--- Record excerpts Enclosed Below ---

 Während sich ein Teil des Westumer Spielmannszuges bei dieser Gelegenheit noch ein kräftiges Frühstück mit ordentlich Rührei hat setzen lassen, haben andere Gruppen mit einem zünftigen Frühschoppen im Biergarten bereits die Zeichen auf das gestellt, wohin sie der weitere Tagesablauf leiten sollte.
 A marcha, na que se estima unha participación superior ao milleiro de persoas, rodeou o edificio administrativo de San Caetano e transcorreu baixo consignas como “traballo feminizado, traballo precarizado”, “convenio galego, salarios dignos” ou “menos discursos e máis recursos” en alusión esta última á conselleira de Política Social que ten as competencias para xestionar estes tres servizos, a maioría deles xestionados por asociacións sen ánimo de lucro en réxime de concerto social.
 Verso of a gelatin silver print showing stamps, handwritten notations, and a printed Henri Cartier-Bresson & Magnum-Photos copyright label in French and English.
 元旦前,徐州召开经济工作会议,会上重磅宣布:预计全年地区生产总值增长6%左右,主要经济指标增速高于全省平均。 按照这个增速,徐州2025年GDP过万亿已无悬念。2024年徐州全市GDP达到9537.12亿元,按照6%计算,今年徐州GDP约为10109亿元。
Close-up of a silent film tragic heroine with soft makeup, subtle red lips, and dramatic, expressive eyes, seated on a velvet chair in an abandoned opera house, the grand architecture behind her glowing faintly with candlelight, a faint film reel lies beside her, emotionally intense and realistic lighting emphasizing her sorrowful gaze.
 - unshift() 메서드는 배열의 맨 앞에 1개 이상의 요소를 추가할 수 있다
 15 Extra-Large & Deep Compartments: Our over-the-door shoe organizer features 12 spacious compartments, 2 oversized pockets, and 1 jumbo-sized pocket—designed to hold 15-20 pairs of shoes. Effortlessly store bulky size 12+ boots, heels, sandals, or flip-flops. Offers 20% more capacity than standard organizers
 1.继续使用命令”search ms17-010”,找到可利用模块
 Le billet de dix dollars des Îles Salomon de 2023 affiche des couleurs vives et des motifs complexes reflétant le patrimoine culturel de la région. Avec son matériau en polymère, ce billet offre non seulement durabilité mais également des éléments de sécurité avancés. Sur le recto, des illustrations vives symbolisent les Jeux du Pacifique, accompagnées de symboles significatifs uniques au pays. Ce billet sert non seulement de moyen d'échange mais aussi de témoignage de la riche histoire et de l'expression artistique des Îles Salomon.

--- End of Enclosed Record excerpts ---

Instructions for the task:
Only the lines from the one with "元旦前,徐州召开经济工作会议" through the final line above belong in the answer, each reproduced word for word.

Response area:
 元旦前,徐州召开经济工作会议,会上重磅宣布:预计全年地区生产总值增长6%左右,主要经济指标增速高于全省平均。 按照这个增速,徐州2025年GDP过万亿已无悬念。2024年徐州全市GDP达到9537.12亿元,按照6%计算,今年徐州GDP约为10109亿元。
Close-up of a silent film tragic heroine with soft makeup, subtle red lips, and dramatic, expressive eyes, seated on a velvet chair in an abandoned opera house, the grand architecture behind her glowing faintly with candlelight, a faint film reel lies beside her, emotionally intense and realistic lighting emphasizing her sorrowful gaze.
 - unshift() 메서드는 배열의 맨 앞에 1개 이상의 요소를 추가할 수 있다
 15 Extra-Large & Deep Compartments: Our over-the-door shoe organizer features 12 spacious compartments, 2 oversized pockets, and 1 jumbo-sized pocket—designed to hold 15-20 pairs of shoes. Effortlessly store bulky size 12+ boots, heels, sandals, or flip-flops. Offers 20% more capacity than standard organizers
 1.继续使用命令”search ms17-010”,找到可利用模块
 Le billet de dix dollars des Îles Salomon de 2023 affiche des couleurs vives et des motifs complexes reflétant le patrimoine culturel de la région. Avec son matériau en polymère, ce billet offre non seulement durabilité mais également des éléments de sécurité avancés. Sur le recto, des illustrations vives symbolisent les Jeux du Pacifique, accompagnées de symboles significatifs uniques au pays. Ce billet sert non seulement de moyen d'échange mais aussi de témoignage de la riche histoire et de l'expression artistique des Îles Salomon.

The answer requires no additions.